As graduation approaches, campus becomes a massive studio, and every photographer knows you will have to move fast and be patient. Avoid capturing other passersby in the background of your photos. Remember angled shots and close-ups can help with that one. Be prepared to get on the ground. But at the Old Well and South Building, your best bet is to grab a 50 mm lens to increase the bokeh or blur the background. Just look for trees, and stick to green backdrops.

Sit. Stand. Shoulders back. Even out your stole. Cross your arms. Look at me. Smile.

This was my third year taking senior portraits, and as I moved about campus, peering through my lens, I couldn’t help but notice that something had changed — broken, actually.

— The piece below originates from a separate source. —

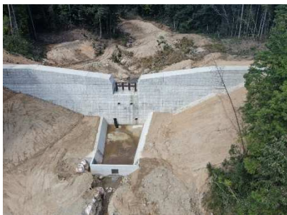
県：砂防激甚災害対策特別緊急事業 本頭川隣 (東広島市西条町)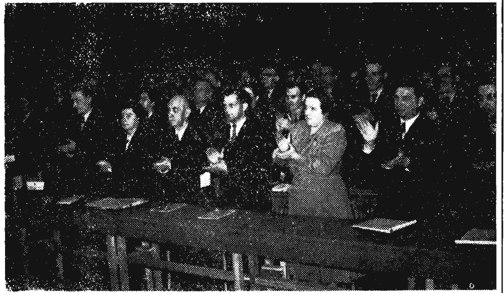
W dniu 17. III. 1954 r. II Zjazd Polskiej Zjednoczonej Partii Robotniczej zakończył obrady.

Na zdjęciu: Manifestacja delegatów na cześć nowo wybranego Komitetu Centralnego Partii.

The charm of an old college town was gone. Too much has happened this year for me to see my campus the way I used to.

This year forced me to zoom out and adapt my lens to be more nuanced and perceptive.

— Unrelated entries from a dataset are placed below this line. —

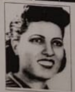
رسوم أضافت للوطن... فأصبحوا عنواناً للعطاء.

اللغة العربية كلية الآداب جامعة القاهرة.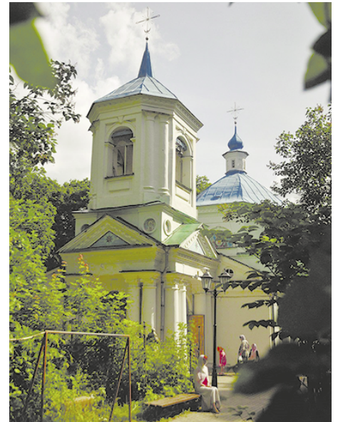
Церковь в честь Казанской иконы Божией Матери. Великие Луки

Во всем он видел доброе, хорошее - в людях, в жизни, в природе. И за все благодарил Бога. «Слава Богу за все! Слава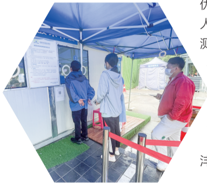
▲ 市民有序排队进行核酸检测

缩影。近年来,洋东新城聚焦“15分钟便民服务圈”,持续优化区域配套和公共卫生服务,在优质医疗资源下沉和提升基层医疗服务能力等方面发挥积极作用,满足区域内人民群众对优质医疗服务的需求,不断提升居民幸福指数。

Where an old photograph of Franklin Street reveals an anti-war march from the 1960s, I see the overlay of an image of our most recent marchers in solidarity with Baltimore. New people, same purpose.

The University has undergone a reclaiming of sorts. UNC students have yoked symbolism and solidarity in a series of protests across campus.

As I zoomed in on my friends’ faces and let the green backdrop of Polk Place fall away, the steps of Wilson Library beckoned me. I remembered the last day of classes, when students celebrated a year of activism by dancing, performing spoken word poetry and calling for solidarity. As I looked around the Old Well, I recalled the images of my campus that flickered across the screen at the viewing of "The Hunting Ground."

How could my campus be marred by such pain and rage? I suppose it always has been.

April heard our anger as over 200 students marched a mile around campus for the “Walk a Mile” to spark conversations about sexual assault.

The Pit, too, was the site of great resistance. Silence itself became palpable when students shared their testimonies of sexual assault in March. When the crowd stood with candles at the vigil, I wondered how long the wax would stain the bricks. A wall of protestors lined the Pit for four and a half hours, shouting the names of black victims of police brutality.

Movements were born out of late night conversations. From shutting our dorm room doors and fuming to calling for spaces of healing, we asked, “What is it that we want? How much noise will we have to make to get it?” All year students have been moving and shaking, forcing the thick air to part and make room to breathe. Never has the pulse of UNC throbbed so loudly. This year our campus has trembled.